Jiminy Cricket from the movie Pinocchio was a top-hat-wearing, umbrella-toting conscionable crooner, but if researchers are right, the fictional cricket from Walt Disney's studio would also have taken a bullet for the one he loved.

If you think chivalry is dead, take a lesson from crickets, researchers reported Thursday.

Male field crickets (Gryllus campestris) will expose themselves to danger, namely hungry predators, to protect a female during mating, scientists found by snooping on cricket couples with infrared cameras. Much like a man opens a door for a woman, male crickets allow the females to hide in burrows, even if that means that male cricket sticks out like a meal ticket.
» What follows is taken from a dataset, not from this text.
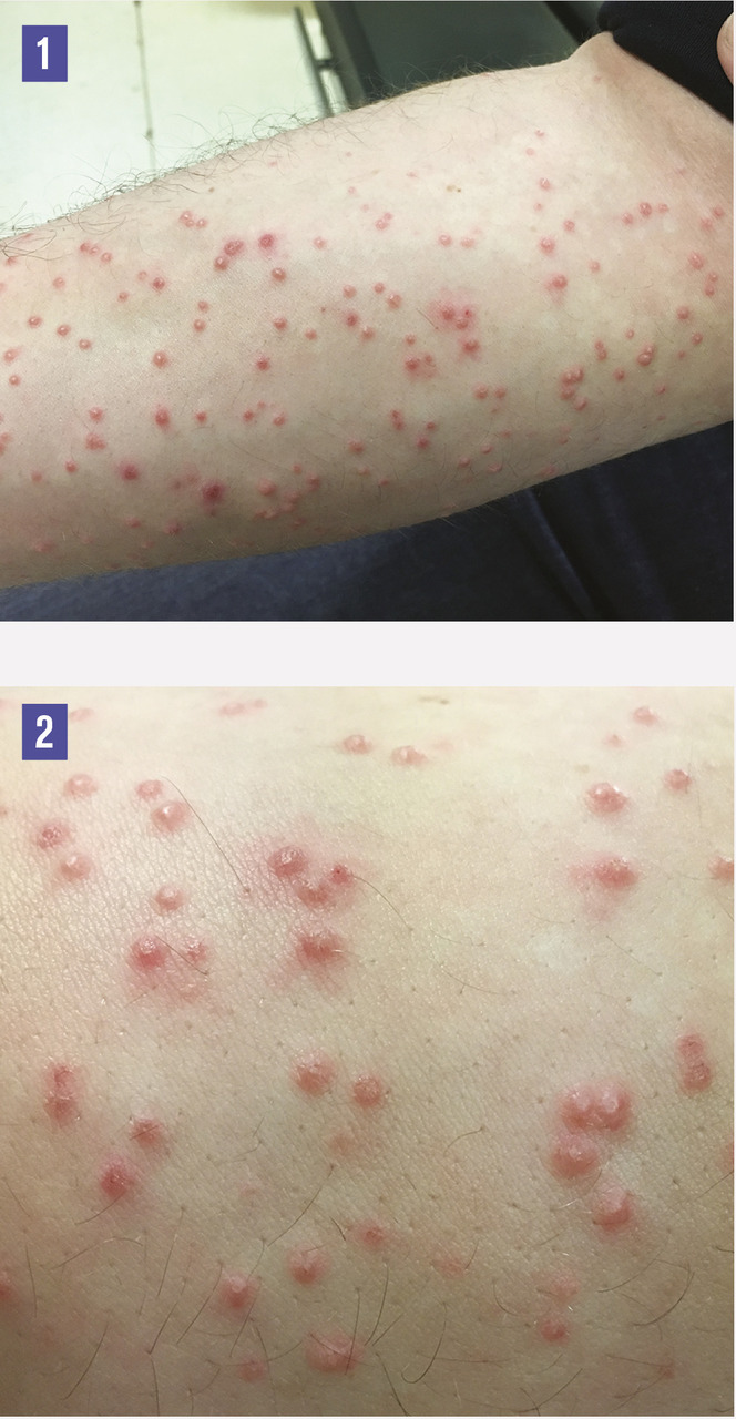 Ce militaire de 30 ans consultait pour une éruption extensive d’évolution lente depuis plusieurs semaines. Initialement au poignet, les lésions atteignaient l’ensemble de l’avant-bras. Il n’existait pas de manifestation associée, ni prurit ni aucune modification environnementale récente, ni cas de punaises de lit dans son entourage. L’examen montrait des papules perlées hémisphériques de couleur rose avec des intervalles de peau saine sans érythème associé (fig. 1 et 2), sans adénopathie satellite. Le patient était adressé en consultation de dermatologie pour avis spécialisé, avec un traitement local par antiseptique. Le dermatologue retenait le diagnostic de molluscum contagiosum, ce qui était confirmé par l’analyse anatomopathologique après biopsie. Un traitement par application topique de Molutrex (hydroxyde de potassium 5 %) permettait la disparition des lésions en quelques semaines.

Scientists had studied crickets in a lab setting before and concluded that male crickets shoved females into tight spaces in order to hold them prisoner until mating was competed and to thwart off other males.

Not so in the wild, the entomologists found.

Here is the tradeoff that scientists found: male crickets produced more offspring when they protected their amour even as the chivalry increased their chances of death.

Many people probably think that 'chivalrous' behavior is exclusive of humans or closely related mammals, linking it in some way to education, intelligence, or affection, said Rolando Rodríguez-Muñoz of the University of Exeter and lead author of the study. We show that even males of small insects, which we would not define as intelligent or affective, can be 'chivalrous' or protective with their partners. Perhaps it shines a light on the fact that apparently chivalrous acts may have ulterior motives. Did Sir Walter Raleigh throw his cape onto a muddy pool in front of Queen Elizabeth just because he was a nice guy? I think not.

The current study was published online Thursday in the journal Current Biology.

The notion of animal chivalry isn't so foreign. In a chapter aptly entitled Animal Chivalry, English physician Woods Hutchinson wrote about animal manners back in 1899.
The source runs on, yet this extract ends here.